On the surface, Copenhagen looks rather generic European, a city of brick and concrete and tile and verdigris dulled by leaden skies. It’s also a flat city, with a flat skyline pierced by church towers and the occasional high-rise. Being flat makes Copenhagen a city of bike riders. Everybody bikes here, from kids peddling to school, to suited businessmen and women peddling to work.

But looks are also deceiving. Behind the historically weathered facades and bicycling commuters is a modern city, a city that works. Public transit—buses, subway, suburban train lines—obviates the need for cars. Healthcare and education are provided at no cost. Well, there is a cost. Taxes are high in Denmark, with a sales tax of 25 percent and a marginal income tax of 56 percent. While taxes seem exorbitant, Danes can see them at work, administered by a government that is rated the least corrupt in the world.

Perhaps most relevantly to me at the time I moved there, Danes party on any pretext—birthdays, anniversaries, mid-summer, mid-winter, assorted religious holidays which they observe every way but piously. On Sunday mornings, even in winter, smashed beer bottles cover the walking streets, left by Swedish marauders taking the Øresund Bridge—built in 2000, the first land link between Denmark and Sweden since the last ice age—to party Saturday nights in Copenhagen.

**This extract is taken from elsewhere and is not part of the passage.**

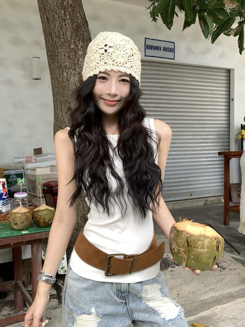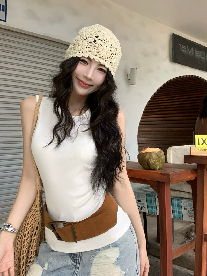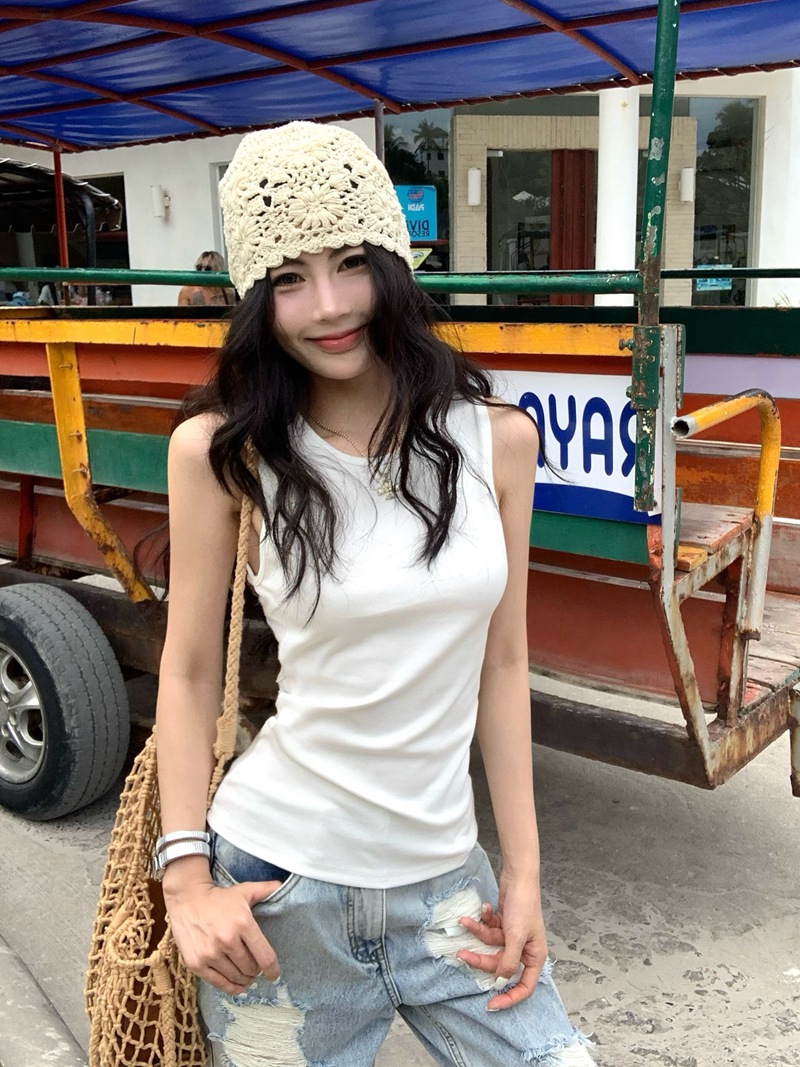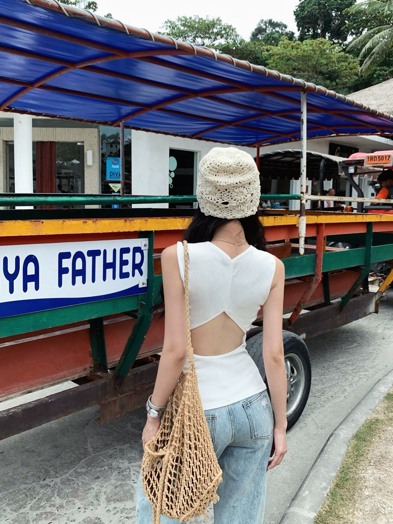 리얼 샷 패셔너블 핫 걸 스타일 디자인 센스 솔리드 컬러 할로우 백리스 민소매 조끼 여성 슬리밍 탑스토어 가기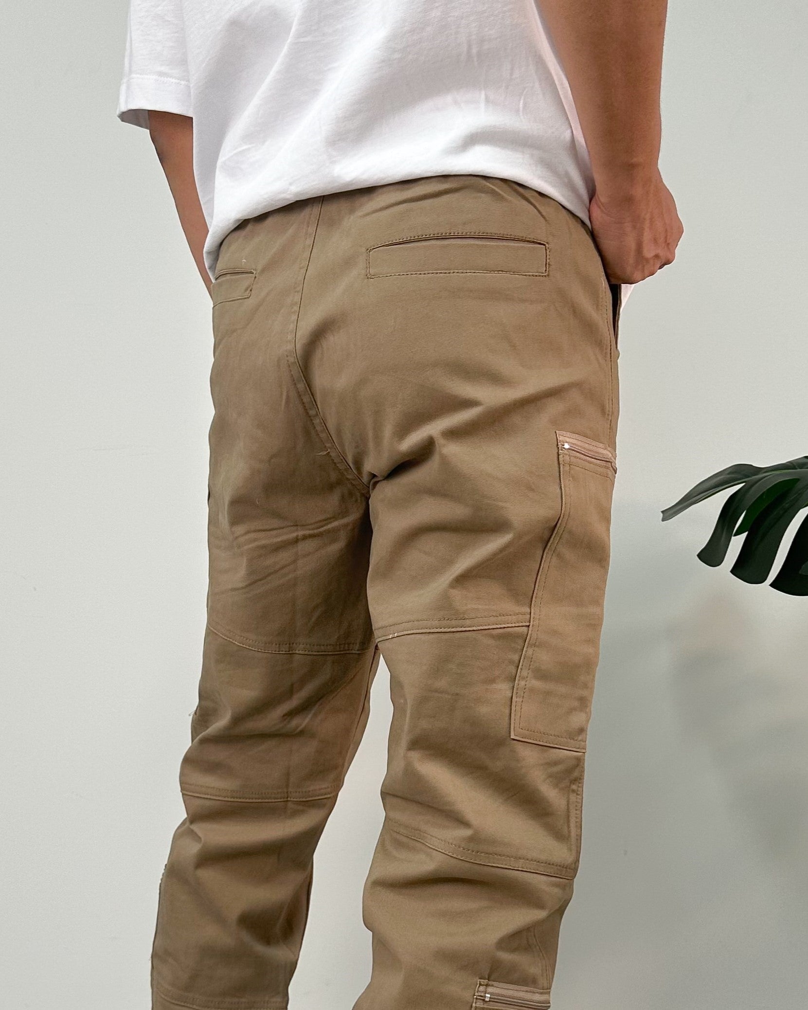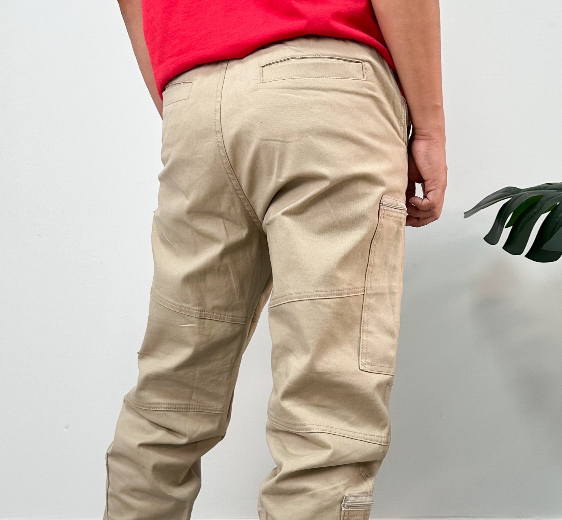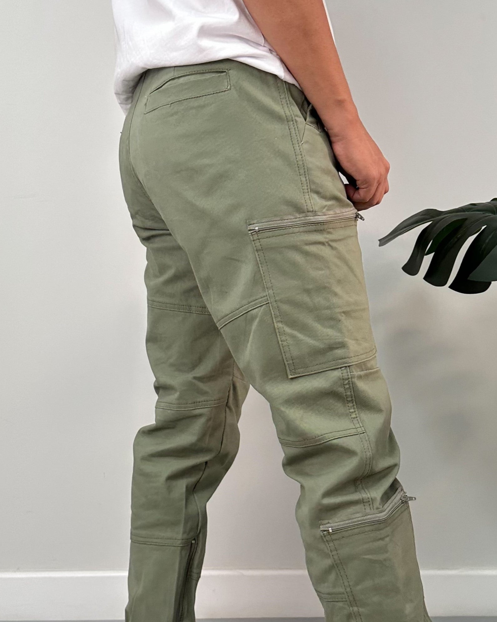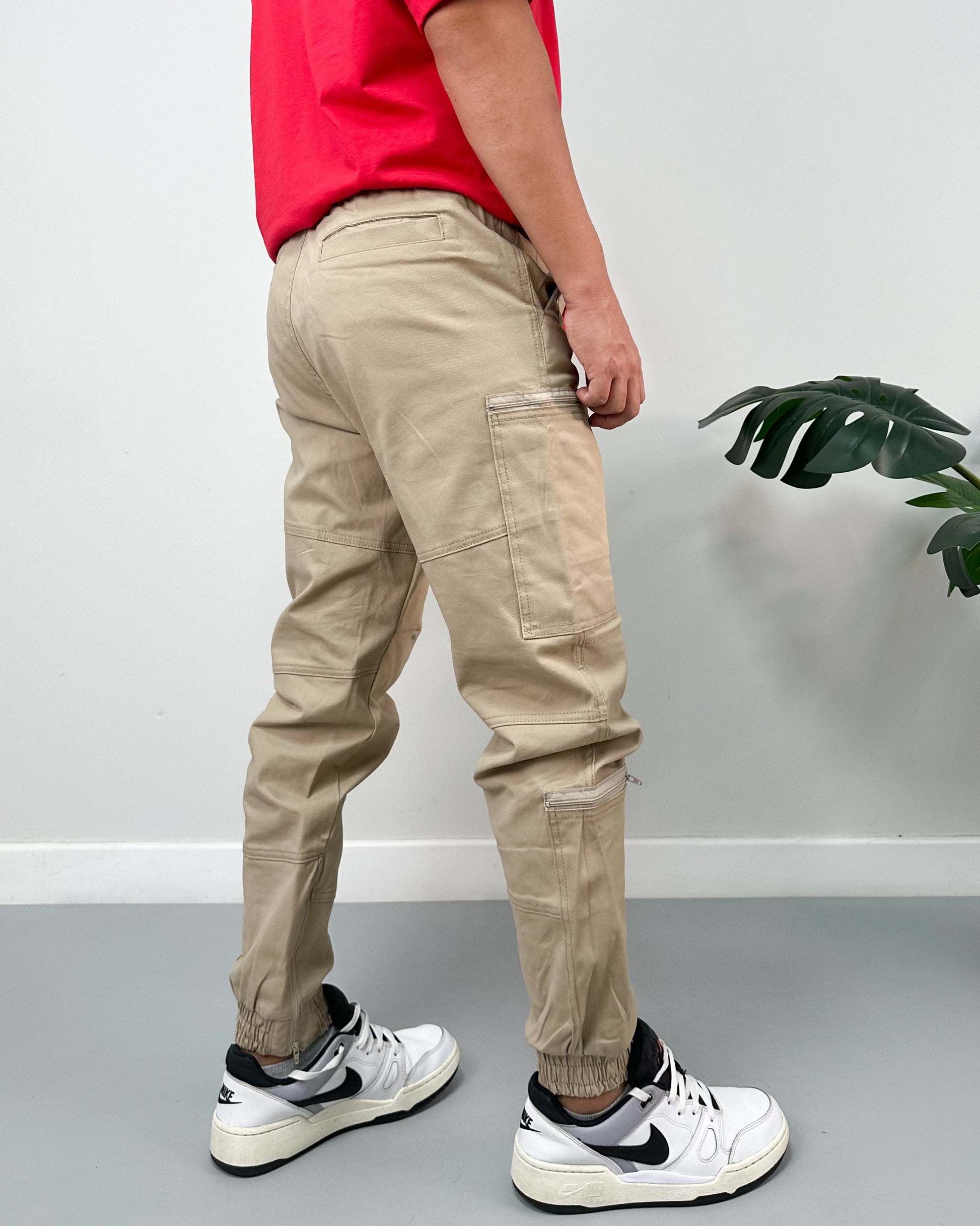Jogger color negro, verde, kaki, taupe. El modelo utiliza talla 32.

I lived in a nice part of central Copenhagen called Frederiksberg—a bit like Brooklyn Heights—then moved to the suburbs north of town. At the time, Denmark was transitioning from decades of Social Democratic rule toward the right. Meanwhile, North Sea oil and gas came online, and Danes had a share that for the first time made them energy independent. Denmark then entered the European Union, which was also a good deal for the Danes. The triumph of market capitalism made Denmark an entrepreneurial nation. However, Social Democrats made periodic comebacks albeit in the business-friendly style of Tony Blair’s “New Labor”. Denmark became and remains a rich little country, with a capitalist economy combined with social welfare. In fact, even with Social Democratic (abbreviated as “socialist”) governments, neither Scandinavia nor the rest of Western Europe, has ever been truly socialist: private capital has always driven the economies.

Because Jews are so assimilated in Denmark, it took a while of before I found out about the place of Jews in Denmark. I found out that Victor Borge was Børge Rosenbaum, who fled Denmark when the Nazis invaded. I found out that the greatest Wagnerian heldentenor of the 20th century Lauritz Melchior, though not Jewish, had the same surname as generations of Copenhagen rabbis.

I also found out that unlike other Europeans, Danes never regarded Jews as aliens but as fellow countrymen. It is why saving Danish Jews from transport to the death camps by the Nazis was a no-brainer for them. When the Gestapo came to take the Jews, the Danes, though occupied and unarmed, yet still one of Hitler’s Aryan Übermenschen, stood up, looked them in the eye and said, “No.”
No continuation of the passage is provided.